(Stored items from a collection)
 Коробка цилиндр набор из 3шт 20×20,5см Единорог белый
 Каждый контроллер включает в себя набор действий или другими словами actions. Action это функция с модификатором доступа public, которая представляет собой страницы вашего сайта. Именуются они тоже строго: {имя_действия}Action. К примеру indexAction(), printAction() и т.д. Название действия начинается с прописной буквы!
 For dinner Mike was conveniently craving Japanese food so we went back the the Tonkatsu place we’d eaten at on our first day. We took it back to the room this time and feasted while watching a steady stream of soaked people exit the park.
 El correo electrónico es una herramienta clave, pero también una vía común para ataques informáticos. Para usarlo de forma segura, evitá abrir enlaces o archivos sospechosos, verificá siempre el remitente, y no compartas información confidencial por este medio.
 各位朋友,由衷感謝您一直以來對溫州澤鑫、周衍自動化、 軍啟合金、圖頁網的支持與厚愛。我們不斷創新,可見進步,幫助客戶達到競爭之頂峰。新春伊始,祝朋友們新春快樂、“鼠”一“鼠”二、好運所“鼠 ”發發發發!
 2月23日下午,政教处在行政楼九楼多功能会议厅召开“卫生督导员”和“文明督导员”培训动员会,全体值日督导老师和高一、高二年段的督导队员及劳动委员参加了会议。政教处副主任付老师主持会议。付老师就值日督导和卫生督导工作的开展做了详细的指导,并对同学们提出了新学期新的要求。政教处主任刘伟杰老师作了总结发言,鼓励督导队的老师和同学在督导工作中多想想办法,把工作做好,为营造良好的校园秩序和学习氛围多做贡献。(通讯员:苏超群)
* * *
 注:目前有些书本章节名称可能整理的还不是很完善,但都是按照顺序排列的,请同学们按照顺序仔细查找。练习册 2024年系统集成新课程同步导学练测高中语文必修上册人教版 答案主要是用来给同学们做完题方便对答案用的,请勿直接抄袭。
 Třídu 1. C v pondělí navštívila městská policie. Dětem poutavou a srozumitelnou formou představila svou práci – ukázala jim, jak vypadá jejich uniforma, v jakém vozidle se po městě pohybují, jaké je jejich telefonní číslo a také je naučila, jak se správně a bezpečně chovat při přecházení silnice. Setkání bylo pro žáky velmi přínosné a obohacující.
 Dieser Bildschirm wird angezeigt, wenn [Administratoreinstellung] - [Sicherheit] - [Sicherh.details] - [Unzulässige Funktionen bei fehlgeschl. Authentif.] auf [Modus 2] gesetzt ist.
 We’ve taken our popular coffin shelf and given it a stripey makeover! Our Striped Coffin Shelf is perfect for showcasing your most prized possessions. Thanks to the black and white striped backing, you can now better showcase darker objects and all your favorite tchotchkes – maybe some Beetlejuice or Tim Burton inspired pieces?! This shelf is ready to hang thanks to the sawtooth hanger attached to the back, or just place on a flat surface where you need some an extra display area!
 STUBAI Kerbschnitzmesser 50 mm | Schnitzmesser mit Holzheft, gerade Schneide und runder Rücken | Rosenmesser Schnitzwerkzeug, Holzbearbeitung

# BRIEF
Check each line of the records for "набор" and copy the ones that contain it.

# OUTPUT FOR THIS EXERCISE
 Коробка цилиндр набор из 3шт 20×20,5см Единорог белый
 Каждый контроллер включает в себя набор действий или другими словами actions. Action это функция с модификатором доступа public, которая представляет собой страницы вашего сайта. Именуются они тоже строго: {имя_действия}Action. К примеру indexAction(), printAction() и т.д. Название действия начинается с прописной буквы!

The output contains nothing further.